A complete local SEO audit checklist covers five areas. Google Business Profile completeness including categories, services, photos, posts, and reviews. Website health including title tags, meta descriptions, headings, images, schema, and Core Web Vitals. NAP consistency across all online directories. Competitor analysis of the businesses currently ranking above you. Review count, recency, and response rate. Each area has specific items to check and specific fixes when problems are found.
A basic local SEO audit for a small service business can start from around $100 to $200 for a one time review. More detailed audits covering technical website issues, full citation checks, and competitor analysis typically cost more depending on the scope. Some consultants including myself offer a free initial audit covering the main areas before discussing any paid work.
A regular SEO audit focuses mostly on a website and its technical health. A local SEO audit adds several layers specific to local search including the Google Business Profile, NAP consistency across directories, local citation building, Google Maps visibility, and the three local ranking factors Google uses, relevance, distance, and prominence. If you are a service business trying to rank in your city or neighborhood, a local SEO audit is what you actually need.
A full audit once a year is a good baseline. But specific parts of the audit should be checked more often. GBP activity like posts, photos, and review responses should be ongoing.
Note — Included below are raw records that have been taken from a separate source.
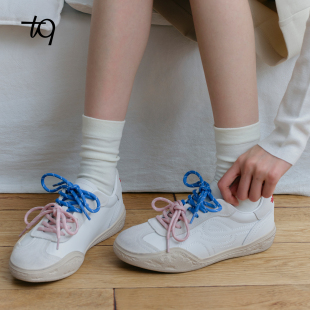 百搭德训鞋 双色系带刺绣小白脏脏鞋 tq女 新款 Talitaqoom2026年春季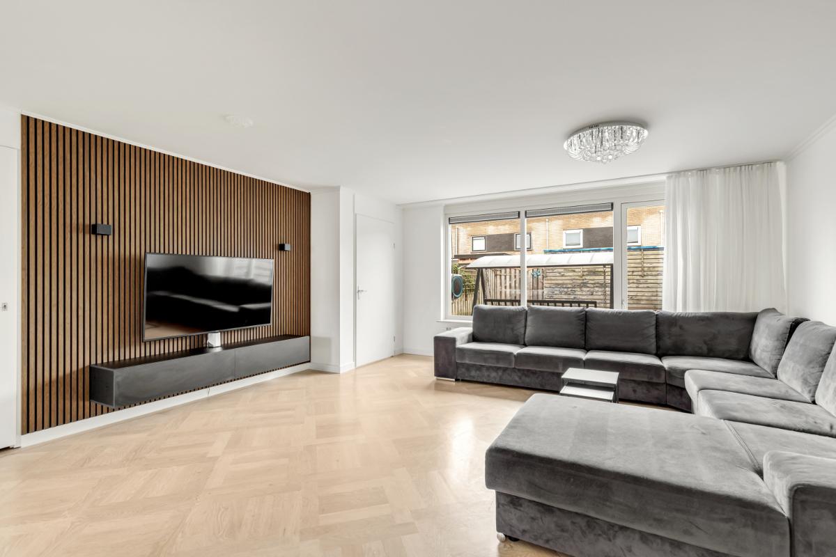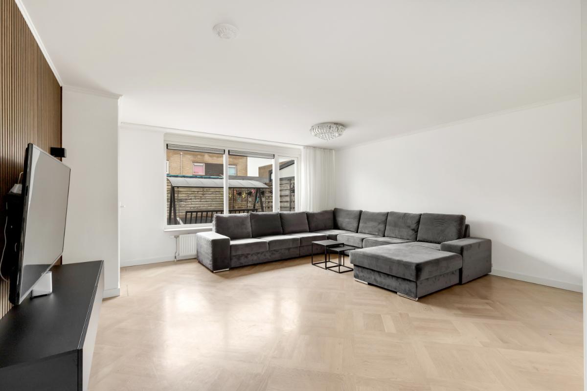 De royale, tuingerichte woonkamer is lekker licht door de grote raampartijen en biedt meer dan voldoende ruimte voor een lekkere bank! Via de tussenhal bereik je de trapopgang met trapkast en de zonnige achtertuin.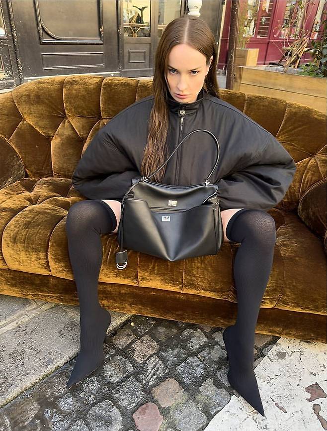 타이트한 터틀넥, 하이웨이스트 미니스커트,니삭스, 스텔레토힐, 발렌시아가 에어 캐리 백을믹스해 주었답니다.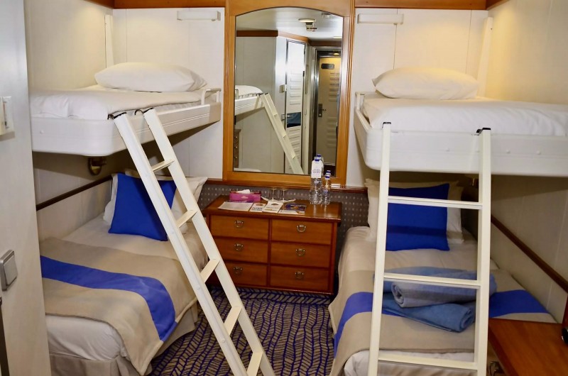 Οι εσωτερικές καμπίνες στο κατάστρωμα 4 και 5 (~12 τ.μ.) μπορούν να φιλοξενήσουν μέχρι 4 άτομα, με 2 χαμηλά κρεβάτια, 3ο/4ο κρεβάτι κουκέτα, μπάνιο με ντουζιέρα, κλιματισμό, τηλέφωνο, στεγνωτήρα μαλλιών, θυρίδα ασφαλείας και τηλεόραση. Τα μονά κρεβάτια μπορούν να τοποθετηθούν δίπλα-δίπλα, επικοινωνήστε μαζί μας για περισσότερες πληροφορίες. Το μέγεθος και η διάταξη μπορεί να διαφέρουν στην ίδια κατηγορία καμπίνας.
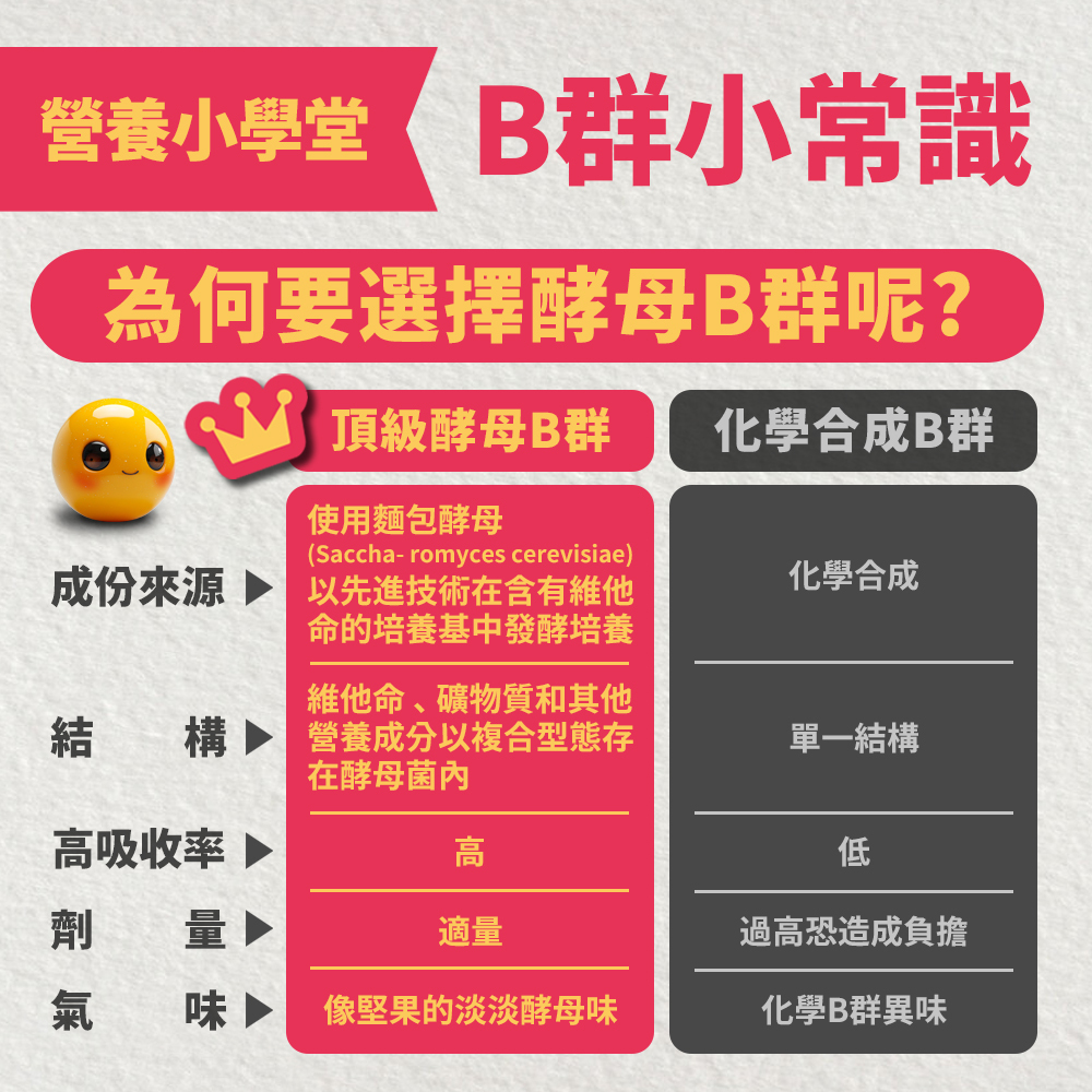 成分:啤酒酵母發酵物 (啤酒酵母粉、菸鹼酸、本多酸鈣、維生素B1、維生素B2、維生素B6、生物素、葉酸、維生素B12)、維生素C。
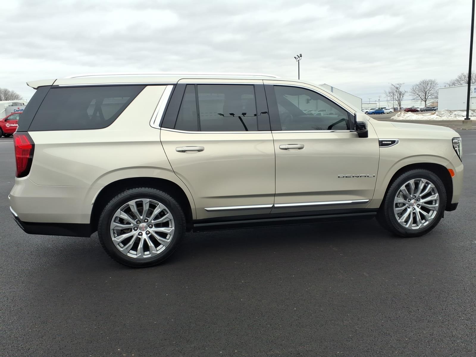 This 2022 GMC Yukon Denali is a vehicle that is sure to turn heads. Boasting a 3.0 liter 6 cylinder turbo diesel engine, this SUV 4x4 has driven 93,816 miles and is sure to turn heads on the road. The pearl beige metallic exterior is accented by a brownstone/jet black interior, and the 4 out of 5 star crash test rating ensures that you and your passengers are safe while on the road. Features such as a touch screen display, Bluetooth audio connection, blind spot sensor, hill start assist, part time with on demand four wheel drive, navigation system with voice recognition, and leather-trimmed seats make this car an ideal choice for anyone looking for luxury and convenience. Contact Details: Bocker Auto Group, 801 E South Street, Freeport, IL, 61032, hlampros@bockerautogroup.com, 8152352121.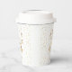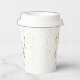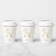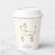Accueillez vos invités, vos amis et votre famille avec ces tasses de papier de Noël design et moderne de la saison des Fêtes, avec une jolie fausse écriture manuscrite en or citant "Joyeux Noël" sur un élégant arrière - plan blanc, avec confetti d'or. Ajoutez facilement votre événement ou tout autre texte pour customiser le modèle.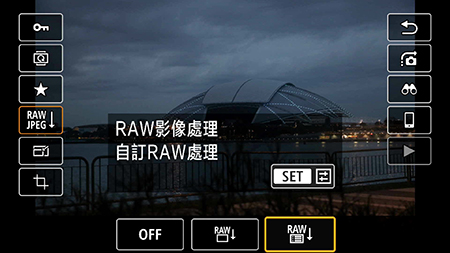 1.在回看模式中,按下SET按鈕移動到 RAW 圖像處理標誌。選擇最右邊的標誌,來自訂 RAW 格式處理。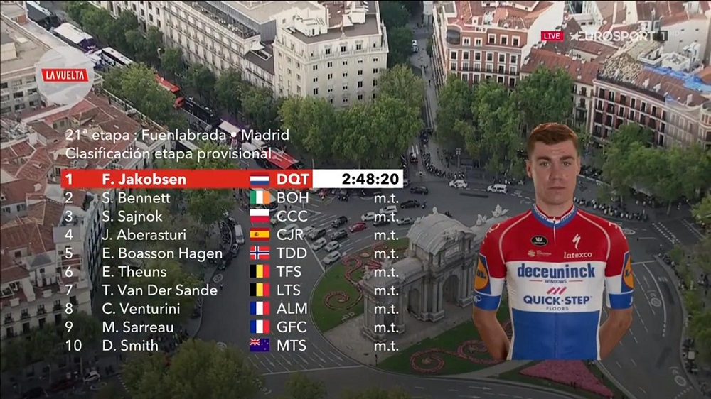 Esta última etapa, de 106 km de recorrido donde partieron los 153 ciclistas desde Fuenlabrada hasta la plaza de Cibeles de Madrid, terminó con la victoria de Jakobsen (Deceuninck – Quick Step) con crono de 2:48:20, el segundo lugar fue para el irlandés Sam Bennett (Bora – Hansgrohe) y el tercer lugar fue para el polaco Szymon Sajnok (CCC Team).

NAP consistency should be checked whenever you change your address or phone number. Competitor positions should be reviewed every few months because the local search landscape changes as competitors update their own profiles and websites.
In my experience, the Google Business Profile is the highest impact area for most local service businesses. An incomplete or inactive GBP is the most common reason a business is invisible on Google Maps even when their website and other signals are in reasonable shape. If I could only check one thing in a local SEO audit it would be the GBP.